Data records Start Marker

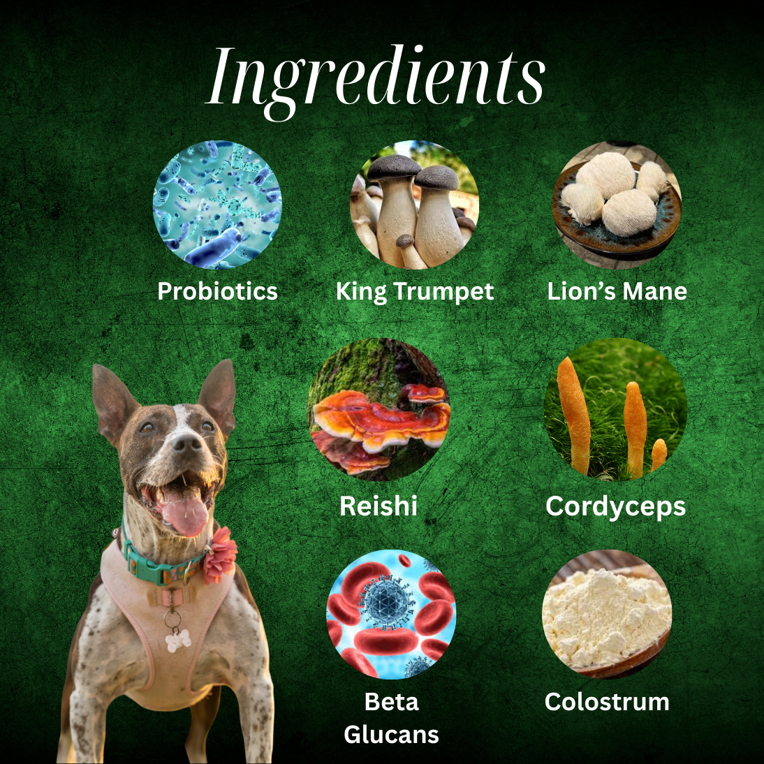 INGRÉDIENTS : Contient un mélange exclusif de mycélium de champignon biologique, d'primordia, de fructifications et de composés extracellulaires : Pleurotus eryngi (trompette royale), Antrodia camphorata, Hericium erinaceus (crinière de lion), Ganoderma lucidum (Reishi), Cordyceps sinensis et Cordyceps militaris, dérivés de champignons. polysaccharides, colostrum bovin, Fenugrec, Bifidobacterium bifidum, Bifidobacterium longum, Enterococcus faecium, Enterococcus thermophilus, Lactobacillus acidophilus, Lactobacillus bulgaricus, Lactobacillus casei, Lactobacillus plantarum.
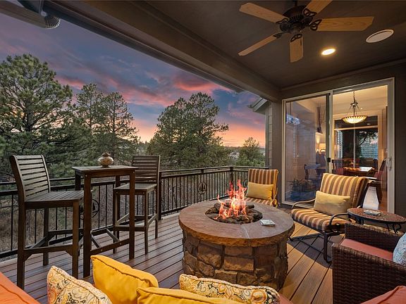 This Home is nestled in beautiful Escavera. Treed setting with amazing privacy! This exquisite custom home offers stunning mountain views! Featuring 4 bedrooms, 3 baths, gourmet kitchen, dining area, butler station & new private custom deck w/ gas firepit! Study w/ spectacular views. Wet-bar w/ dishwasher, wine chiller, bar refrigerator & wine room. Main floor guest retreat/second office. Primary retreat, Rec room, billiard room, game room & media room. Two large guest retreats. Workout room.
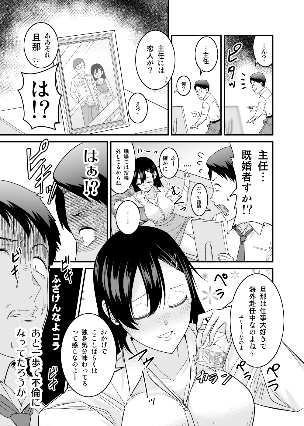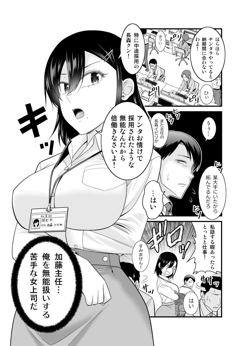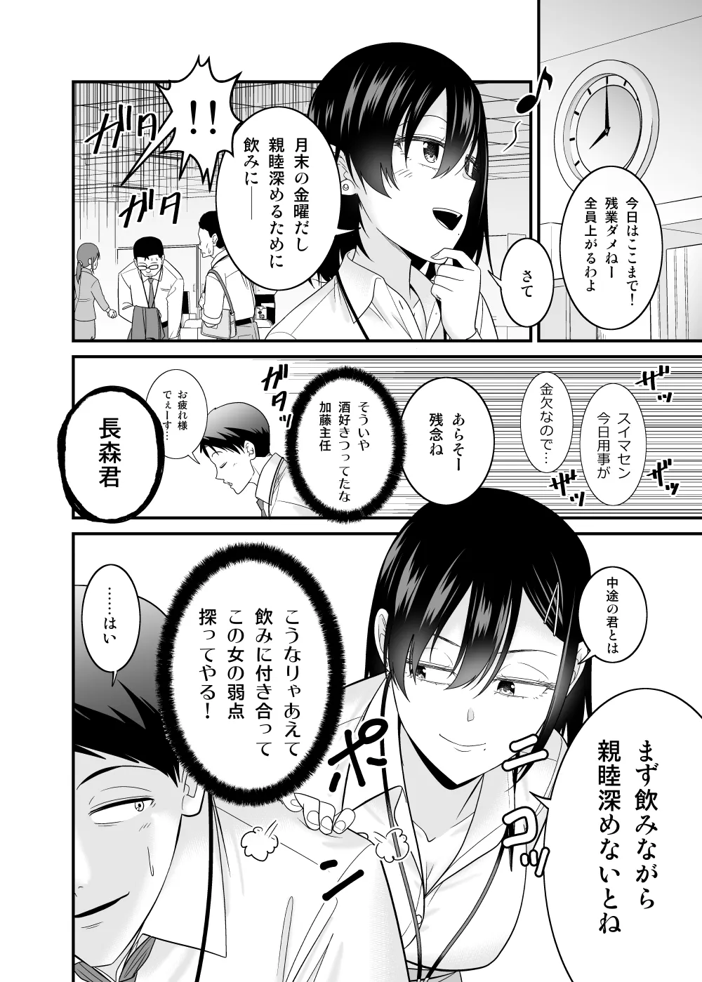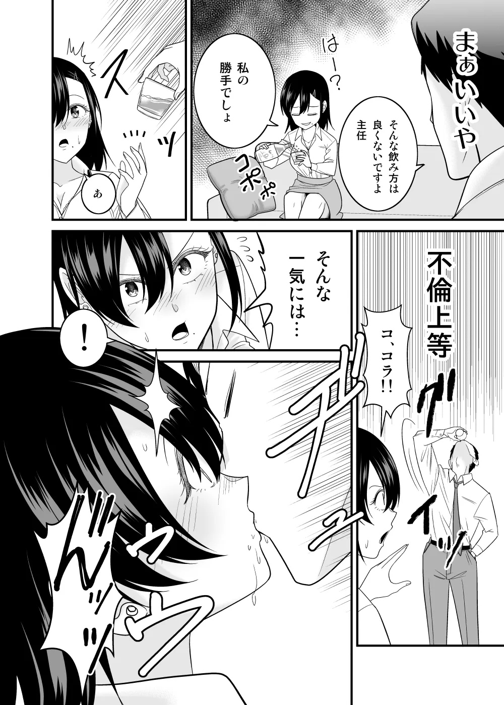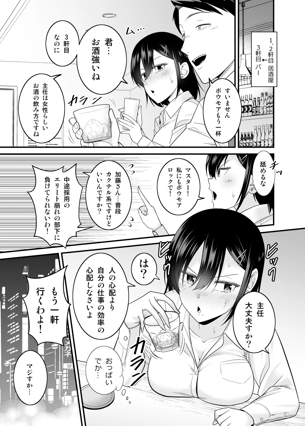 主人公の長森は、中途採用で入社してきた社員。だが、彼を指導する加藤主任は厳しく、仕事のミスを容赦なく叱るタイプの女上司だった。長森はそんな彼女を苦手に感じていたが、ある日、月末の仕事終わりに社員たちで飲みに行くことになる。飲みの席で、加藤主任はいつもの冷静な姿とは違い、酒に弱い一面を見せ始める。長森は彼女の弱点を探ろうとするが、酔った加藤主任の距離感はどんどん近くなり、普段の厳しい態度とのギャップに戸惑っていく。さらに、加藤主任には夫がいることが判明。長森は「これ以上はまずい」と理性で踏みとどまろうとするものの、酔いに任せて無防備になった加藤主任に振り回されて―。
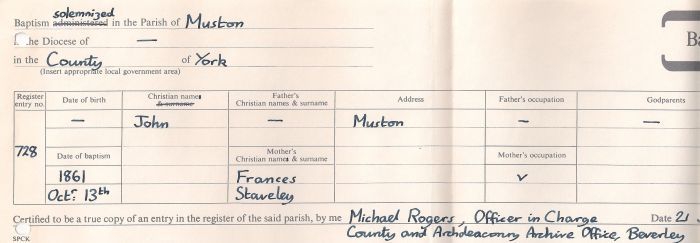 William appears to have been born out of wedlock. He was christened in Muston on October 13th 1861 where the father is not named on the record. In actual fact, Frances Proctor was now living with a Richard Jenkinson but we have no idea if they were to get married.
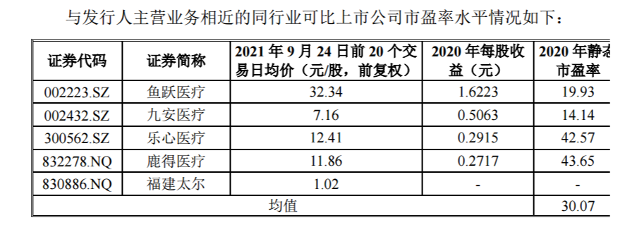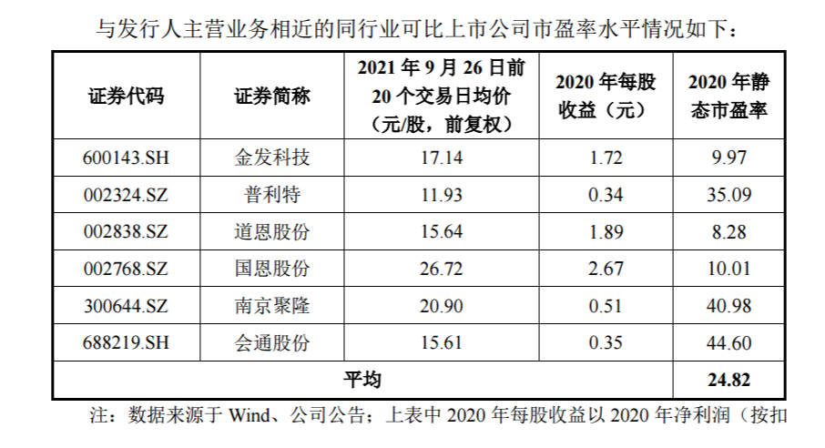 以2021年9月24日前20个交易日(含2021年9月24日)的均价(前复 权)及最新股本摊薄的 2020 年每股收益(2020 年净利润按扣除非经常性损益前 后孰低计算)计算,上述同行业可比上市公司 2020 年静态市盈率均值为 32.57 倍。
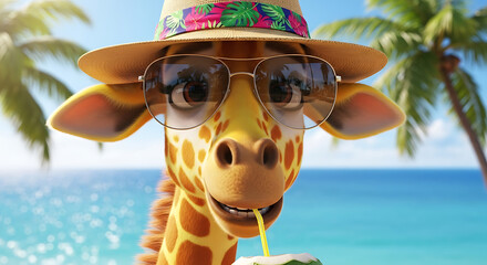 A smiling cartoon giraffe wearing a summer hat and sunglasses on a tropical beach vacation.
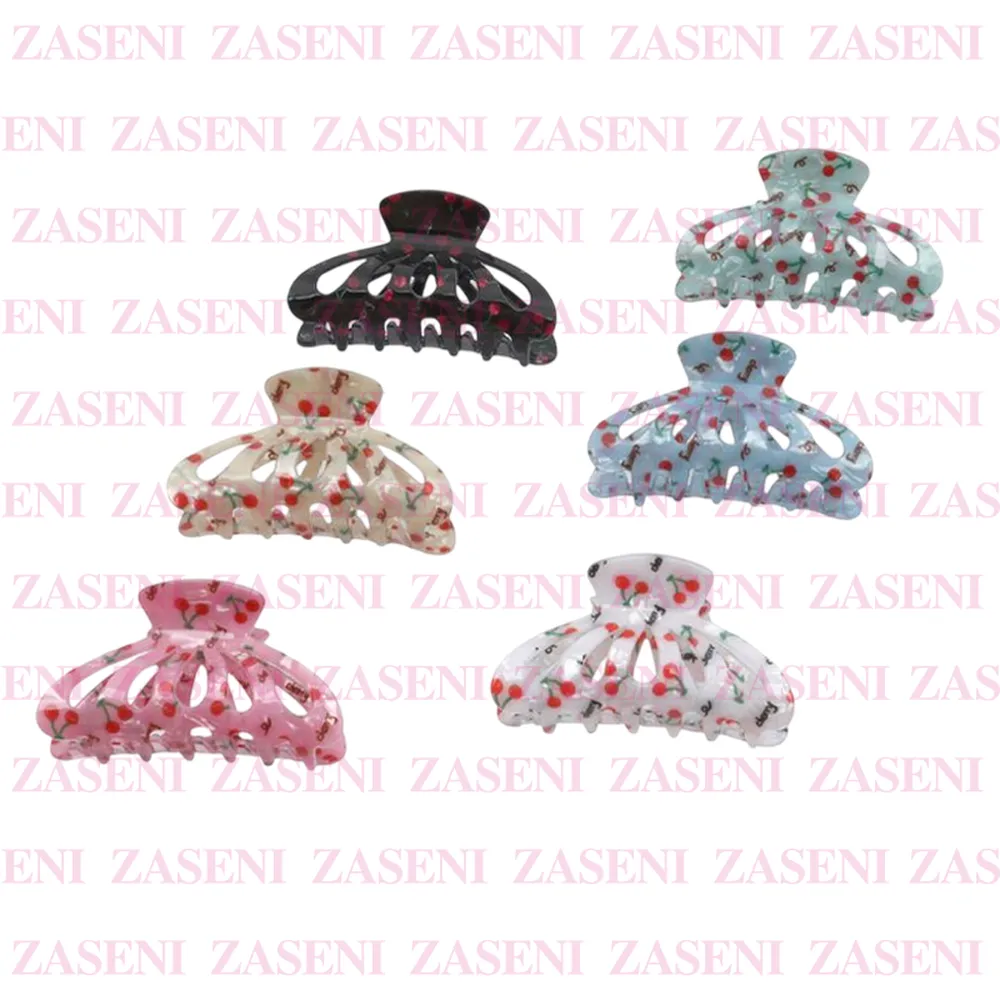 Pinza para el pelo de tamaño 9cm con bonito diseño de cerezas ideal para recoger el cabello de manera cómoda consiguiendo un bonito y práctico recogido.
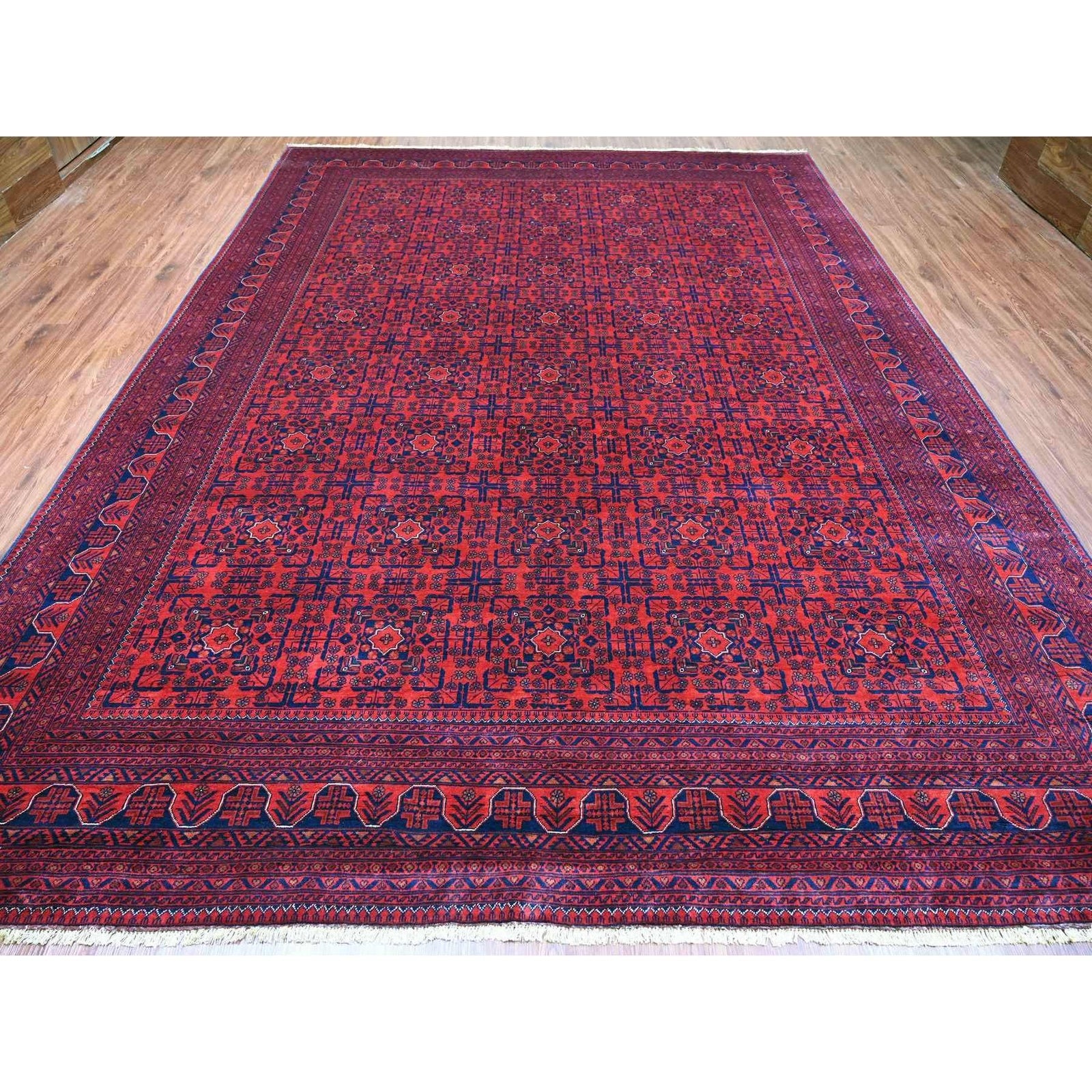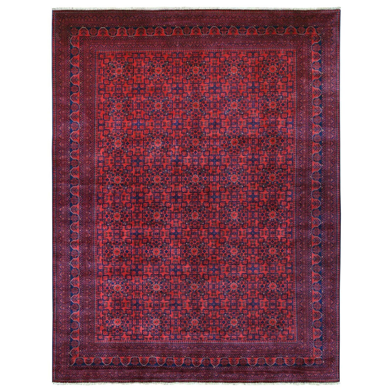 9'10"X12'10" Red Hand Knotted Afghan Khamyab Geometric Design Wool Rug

Data records End Marker

_Description of the task:_ Print only the lines running from the line that contains "William appears to" to the final line of the listing, both included. Omit every picture.

_Task solution:_
 William appears to have been born out of wedlock. He was christened in Muston on October 13th 1861 where the father is not named on the record. In actual fact, Frances Proctor was now living with a Richard Jenkinson but we have no idea if they were to get married.
 以2021年9月24日前20个交易日(含2021年9月24日)的均价(前复 权)及最新股本摊薄的 2020 年每股收益(2020 年净利润按扣除非经常性损益前 后孰低计算)计算,上述同行业可比上市公司 2020 年静态市盈率均值为 32.57 倍。
 A smiling cartoon giraffe wearing a summer hat and sunglasses on a tropical beach vacation.
 Pinza para el pelo de tamaño 9cm con bonito diseño de cerezas ideal para recoger el cabello de manera cómoda consiguiendo un bonito y práctico recogido.
 9'10"X12'10" Red Hand Knotted Afghan Khamyab Geometric Design Wool Rug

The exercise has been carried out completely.